Brown (2006) investigates students and teachers’ perceptions of effective teaching in foreign language classrooms that, he argues, are distinctive from other subjects. The findings are the result of analysing a questionnaire distributed amongst 49 university teachers and 1400 of their students. From the teachers’ perspective, engaging students in information gap activities, assessing group tasks, being as knowledgeable about culture as language, and having students respond to physical commands are the main characteristics of effective foreign language teachers. Concerning students’ opinions, correcting oral errors indirectly, being as knowledgeable about culture as language, having students respond to physical commands, addressing errors with immediate explanation, presenting grammar with real-world context, speaking with native-like control of language, using real-life materials in teaching language culture, and engaging students in information gap activities are the most prominent features of effective foreign language teaching. Arguably, Brown’s study can be seen as much concerned with instructional practices and disregarded the other areas that can be used to evaluate language teachers.

Al-Hammad (2011) conducted a study aiming at examining the teaching performance level of 18 English language teachers from the intermediate-level schools in the city of Hail, Saudi Arabia, according to the teaching quality standards. By employing an analytical and descriptive approach, Al-Hammad utilized a controlled observation method on teaching standards and found that the use of teaching aids, and class management skills were highly achieved. In that study and within her sample, students’ assessment and lesson delivery were satisfactorily accomplished. Lesson planning was, however, the lowest quality standard achieved by her participants.
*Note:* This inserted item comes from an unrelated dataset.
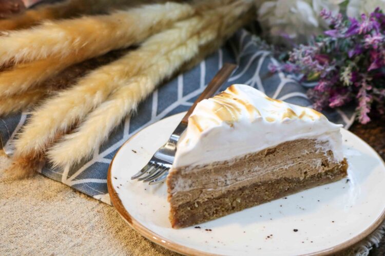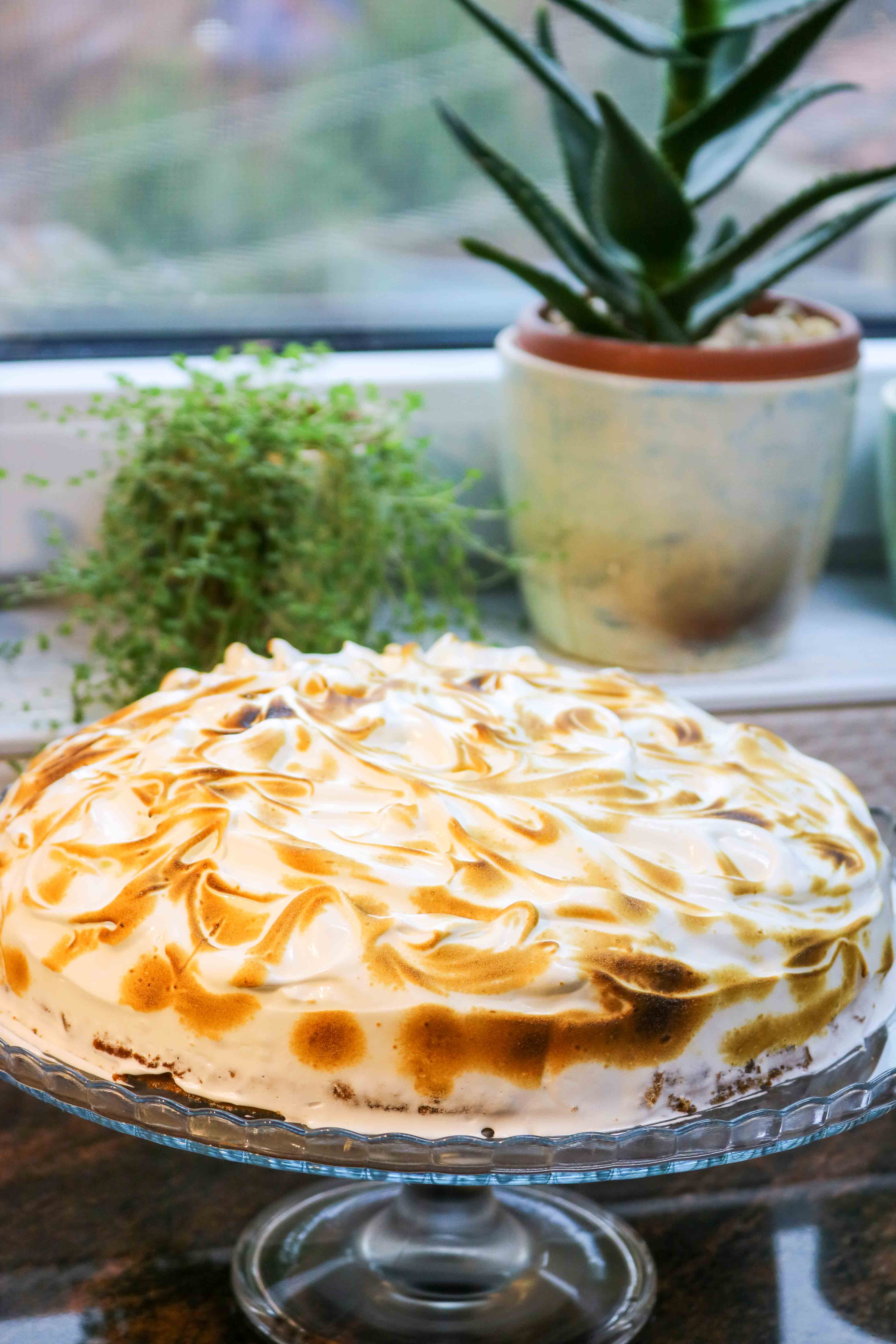 На крај во тенџере на оган на најниската температура ставете ги белките и шеќерот. Матете со миксер додека не добиете мазен, сјаен и цврст шлаг од белки. Со добиената шлаг пена декорирајте ја тортата по вкус. На крај со помош на запалка за торти внимателно поминете врз шлагот додека не го добиете потребниот светло кафен изглед.

Al-Hammad’s study reinforces the importance of conducting in-service training sessions on teaching quality standards for English language teachers mainly in the three dimensions of: Planning, implementation and assessment. Despite the fact that the sample was solely English language teachers, the dimension and the criteria were not subject-content oriented and could be applicable to teachers of any other subjects. In the Gulf context Al Mahrooqi, Denman, Al-Siyabi, and Al-Maamari (2015) compared Omani school students and teachers’ perceptions of the characteristics of good EFL teachers. One hundred and seventy-one Omani students and 233 English teachers took part in the study which showed general agreement between students and teachers about the importance of all characteristic categories, with special importance to English language proficiency and equality in treating students.

6 Summary and Implications

In this chapter, we have shown how EFL teacher evaluation might be different from other types of teacher evaluation. Purposes and methods may look the same for all subject teachers; however, when conducted for language teachers, evaluators need to consider the uniqueness and the nature of the subject matter. Different concerns for EFL teacher evaluation have been discussed separately and need to be taken into account before determining and constructing academic systems to evaluate language teachers.